March 2018 report to Congress also highlights opportunities in telehealth to improve health care delivery

Washington, DC—The Medicaid and CHIP Payment and Access Commission (MACPAC) today released its March 2018 Report to Congress on Medicaid and CHIP, focusing in its first two chapters on managed care and telehealth, areas of high interest to Congress as it considers strategies for the Medicaid program to improve efficiency and impact in the delivery of critical health services to over 80 million low-income beneficiaries.

Over its 50 year history, Medicaid has evolved with changes in delivery of care and advances in technology.  “Managed care is commonplace in Medicaid, and states should have more streamlined mechanisms to enroll beneficiaries in such systems,” said MACPAC Chair Penny Thompson. “State Medicaid programs are also innovating by offering services via telehealth, potentially improving both access and efficiency.” Chapter 1 of the March report addresses streamlining the multiple legal authorities states use to run their managed care programs, and Chapter 2 discusses how states are using telehealth as a strategy for addressing access barriers. The third chapter of the report fulfills MACPAC’s annual, statutorily mandated obligation to report on Medicaid disproportionate share hospital (DSH) allotments.

Today, 80 percent of Medicaid beneficiaries—even those with complex health needs—receive health care through some type of managed care. States can operate managed care using three separate legal authorities under the Social Security Act—waiver authority in Sections 1115 and 1915(b), and state plan authority in Section 1932. These differ in terms of which beneficiary populations can be required to enroll, approval periods, and reporting requirements. Many states operate more than one managed care program, often under multiple authorities or through multiple waivers.

In Chapter 1, the Commission offers three recommendations to reduce the administrative burden for states to implement managed care programs without compromising beneficiary protections:

  • amend Section 1932(a)(2) to allow states to require all beneficiaries to enroll in Medicaid managed care programs under state plan authority;
  • extend approval and renewal periods for all Section 1915(b) waivers from two to five years; and
  • revise Section 1915(c) waiver authority to permit Section 1915(c) waivers to waive freedom of choice and selective contracting.

Allowing states to have a more streamlined mechanism to select managed care as their delivery system and requiring beneficiaries to enroll in such systems is appropriate at this time, according to the Commission, given the present strong regulatory framework for beneficiary protection and oversight, the large share of beneficiaries now enrolled in managed care, managed care’s value in coordinating care, and the need to conserve state and federal resources.

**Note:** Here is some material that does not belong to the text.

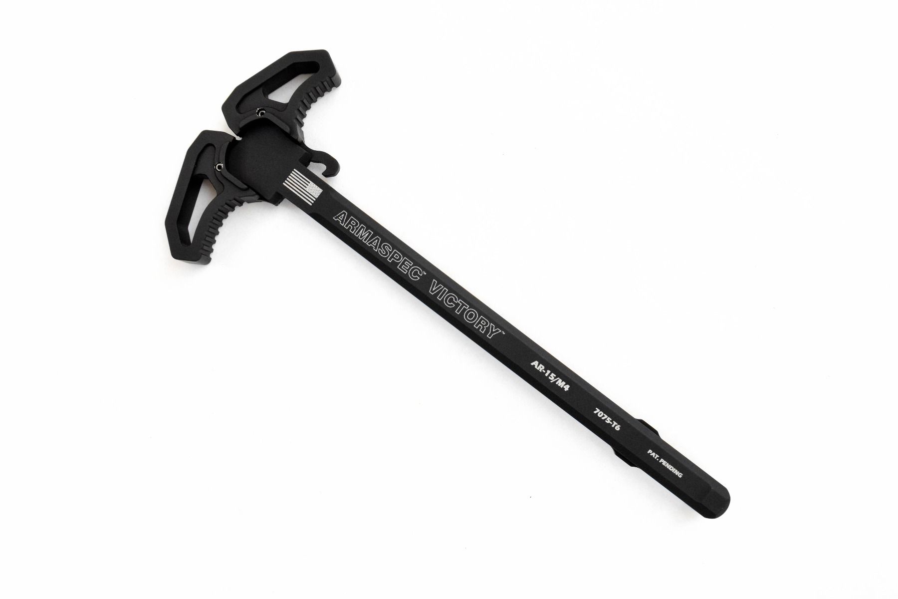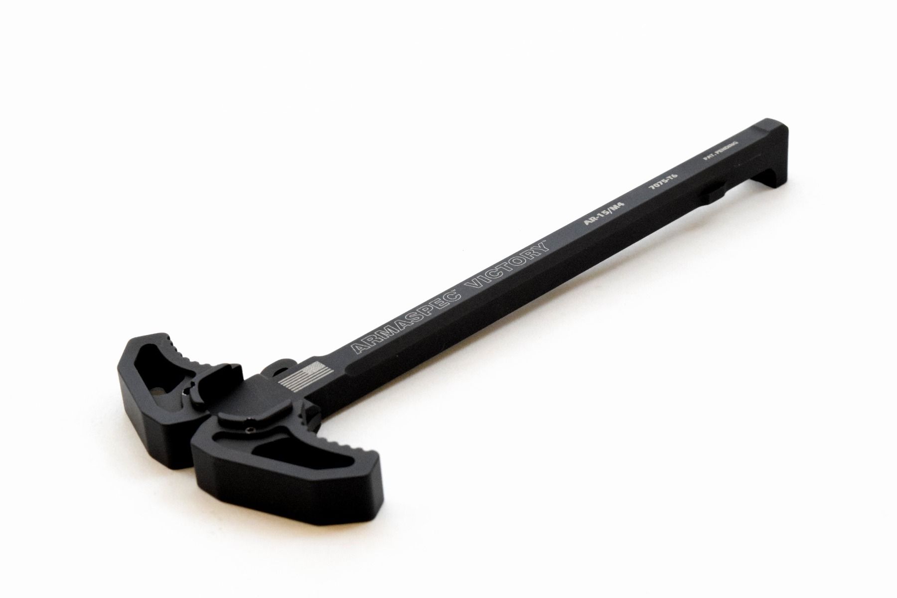 The Armaspec VictoryTM ambidextrous charging handle designed for the 5.56/.223 rifle or pistol. With curved handles for hands free charging, integrated vents ports to route captured gas downward away from the face , and center force charging to reduce shaft twisting. Made from 7075-T6 aluminum and hard black anodized. Patents Pending.

Chapter 2 describes coverage of telehealth in state Medicaid programs. Federal policy places few restrictions in terms of adopting or designing telehealth coverage; as a result, states have wide flexibility in defining telehealth as well as in establishing the scope of coverage. The Commission observes that advances in telehealth technology have potential for improved access to services in rural areas and specialized services with limited provider supply, but presently evidence on the effectiveness of telehealth outcomes is mixed. States seeking to implement or expand coverage of telehealth would likely benefit from additional research, including Medicaid-specific research, and other states’ experiences, the Commission said.

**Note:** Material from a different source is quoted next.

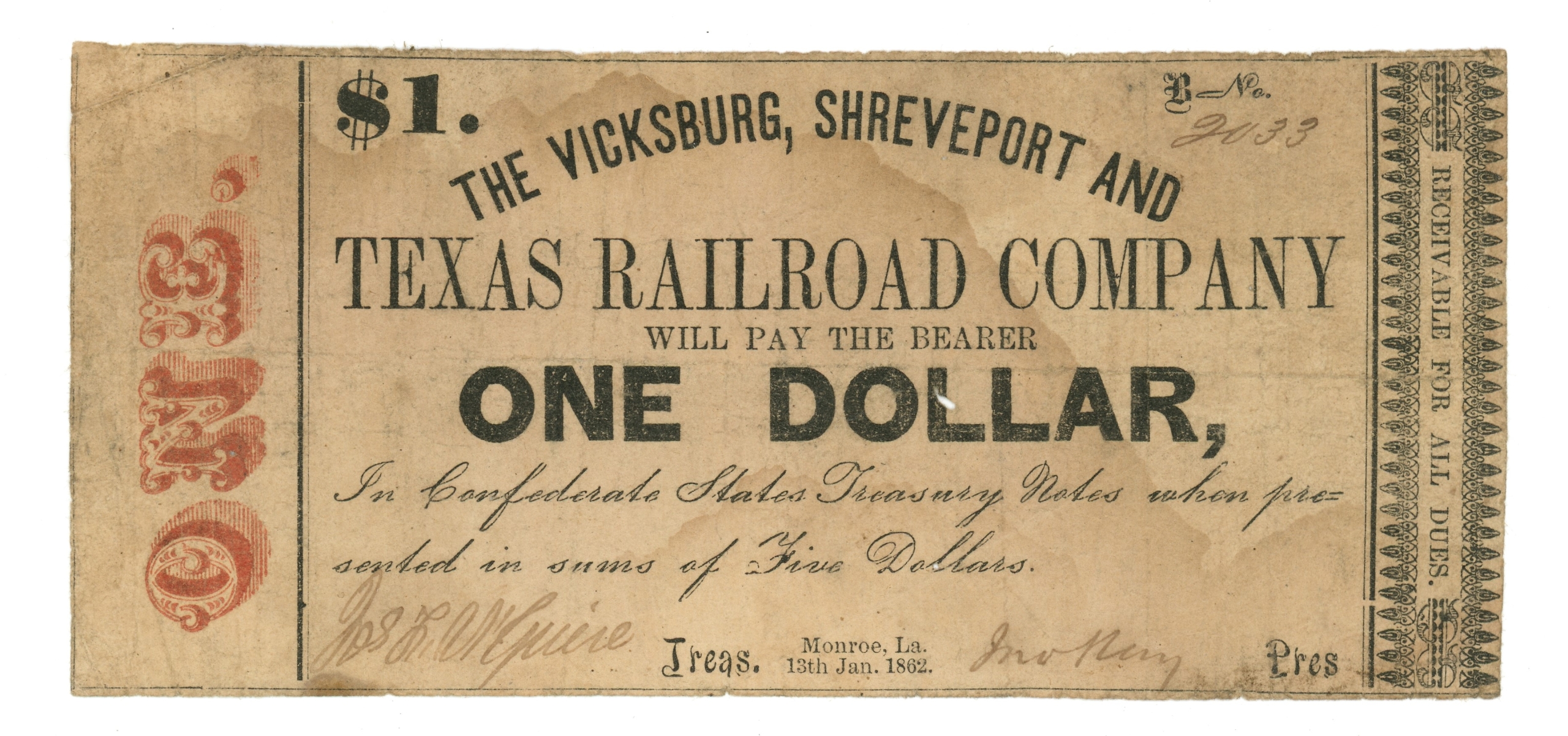 Note has stains and holes/pinholes.

Chapter 3 builds on MACPAC’s prior work to increase understanding of how safety-net hospitals have been affected by changes in insurance coverage. The analysis continues to find little meaningful relationship across the country between DSH allotments and number of uninsured individuals, hospitals’ uncompensated care costs, and the number of hospitals providing essential community services that have high levels of uncompensated care. Total hospital charity care and bad debt continue to fall, especially in states that expanded Medicaid coverage, but Medicaid shortfall showed an uptick as a result of increased Medicaid enrollment. Now that Congress has delayed DSH allotment reductions for two years, the Commission will explore opportunities to improve the targeting of DSH payments in future reports.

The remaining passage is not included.